Building strong connections between tribal nations and county government: Part 3 – Improve relations
County commissioners from 18 northern Michigan counties learn about Michigan tribal sovereignty, history and cooperative efforts with counties.
Legislation in the late 1900s has helped to correct earlier problems created by the U.S. government’s treatment of indigenous people. The 1978 Indian Child Welfare Act recognized that it is better to keep Indian children in their own homes when possible and made other changes to improve social services for Indian families. The Indian Religious Freedom Act has helped to bring discussion of tribal spiritual practices out of the forced silence of earlier actions by the federal government. The return of tribal remains and artifacts to tribes has been improved by passage of the 1990 Native American Graves Protection and Repatriation Act.
The 1900s also brought about the process of recognition of tribes by the federal government. Tribes must demonstrate that they are, in fact, the descendants of historical tribes to achieve this recognition. There are 12 federally recognized tribes in Michigan, with four others seeking recognition. There are 565 federally recognized tribes in the U.S., and another 245 which are not yet recognized.
Government structure varies among the tribes in Michigan. Each has created their own constitution. These constitutions are typically a blend of traditional tribal governance and western structure, such as the three branches of government seen in the federal and state governments.
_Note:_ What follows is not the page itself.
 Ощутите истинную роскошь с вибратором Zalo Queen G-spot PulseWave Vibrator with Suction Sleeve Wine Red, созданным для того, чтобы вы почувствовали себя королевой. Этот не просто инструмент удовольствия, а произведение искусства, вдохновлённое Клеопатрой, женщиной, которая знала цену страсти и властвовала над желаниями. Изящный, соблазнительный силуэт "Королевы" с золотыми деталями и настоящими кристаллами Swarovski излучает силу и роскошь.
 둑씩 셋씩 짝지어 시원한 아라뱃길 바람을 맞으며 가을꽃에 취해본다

The Little Traverse Bay Bands of Odawa Indian’s constitution includes this statement about the importance of tribal culture, “This Constitution is solemnly pledged to respect the individuality of all our members and their spiritual beliefs and practices, while recognizing the importance of preserving a strong, unified Tribal identity in accordance with our Anishinaabe Heritage.”
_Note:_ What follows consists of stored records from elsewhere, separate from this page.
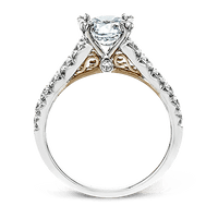 This beautiful engagement ring is adorned with brilliant, graduated diamonds and features a delightful rose gold accent.
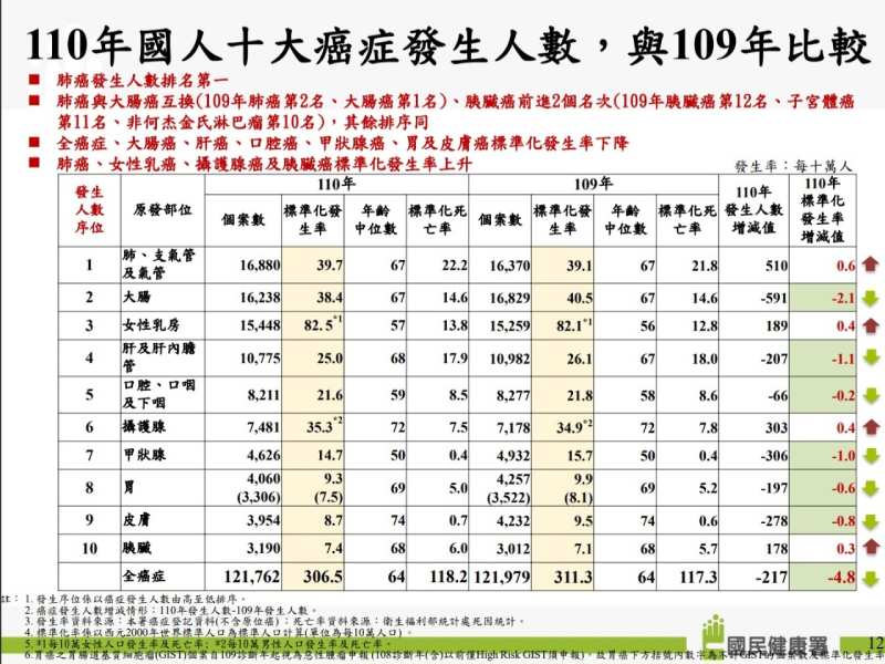 根據最新衛福部110年癌症登記報告顯示,110年新發生癌症人數為12萬1,762人,較109年減少217人,是近年來首度下降,而全癌症的標準化發生率為每10萬人口306.5人,也較109年下降4.8人。不過國健署表示,未來是否會持續下降,仍需長期觀察趨勢變化。另外,若將各癌症的標準化發生率分別來看,110年大腸癌、肝癌、口腔癌、胃癌、甲狀腺癌、皮膚癌、子宮頸癌及食道癌發生率確實有下降,但是乳癌、肺癌、攝護腺癌及子宮體癌發生率則為上升。
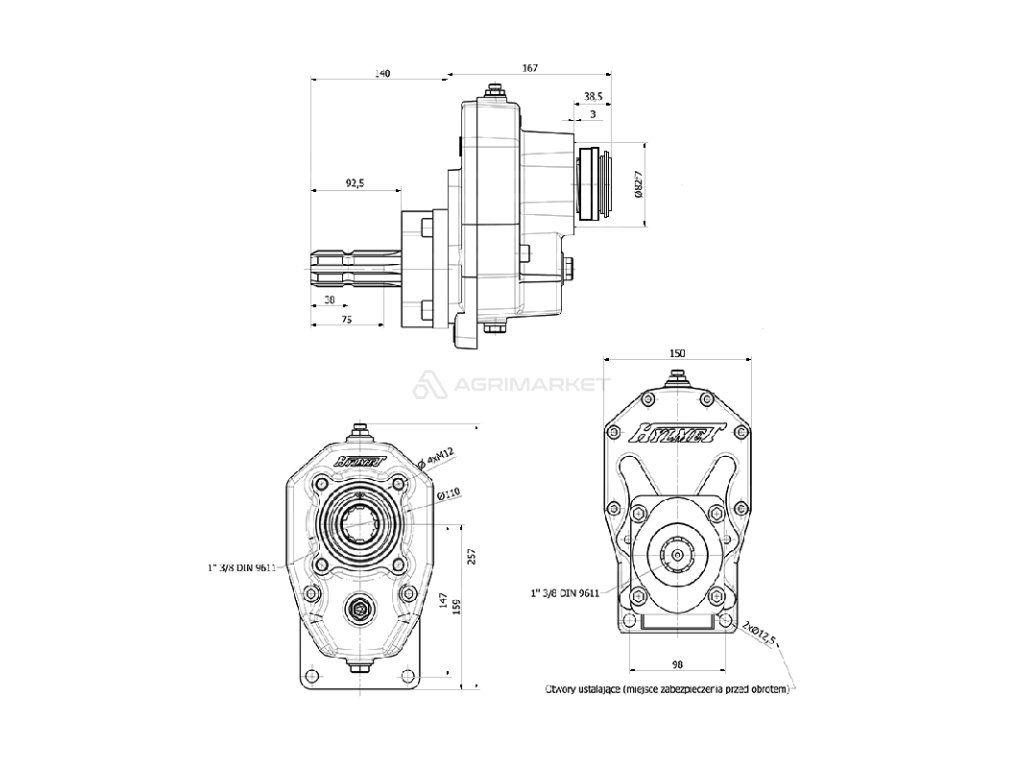 | Parametry zásuvky: | PTO 1" 3/8 DIN9611 - 6 fréz |

Structural details, such as the number of elected tribal council members, are a good example of ways the various tribes have created their constitutions to meet their specific needs. Tribal councils in Michigan vary in size from 5-12 members.
As a nation within a nation, tribes have many opportunities to work cooperatively with other governments, at the national level, and the state and local government levels. Tribes provide many services to their members which are similar to those provided by local and state governments. Government to government relationships and service agreements exist which enable all cooperating governments to provide better services and/or to reduce the costs of providing those services.
Commissioners who participated in this program are delegates from their counties to the Michigan Northern Counties Association (MNCA). Michigan State University Extension provides educational programming assistance to the MNCA, which meets eight times each year.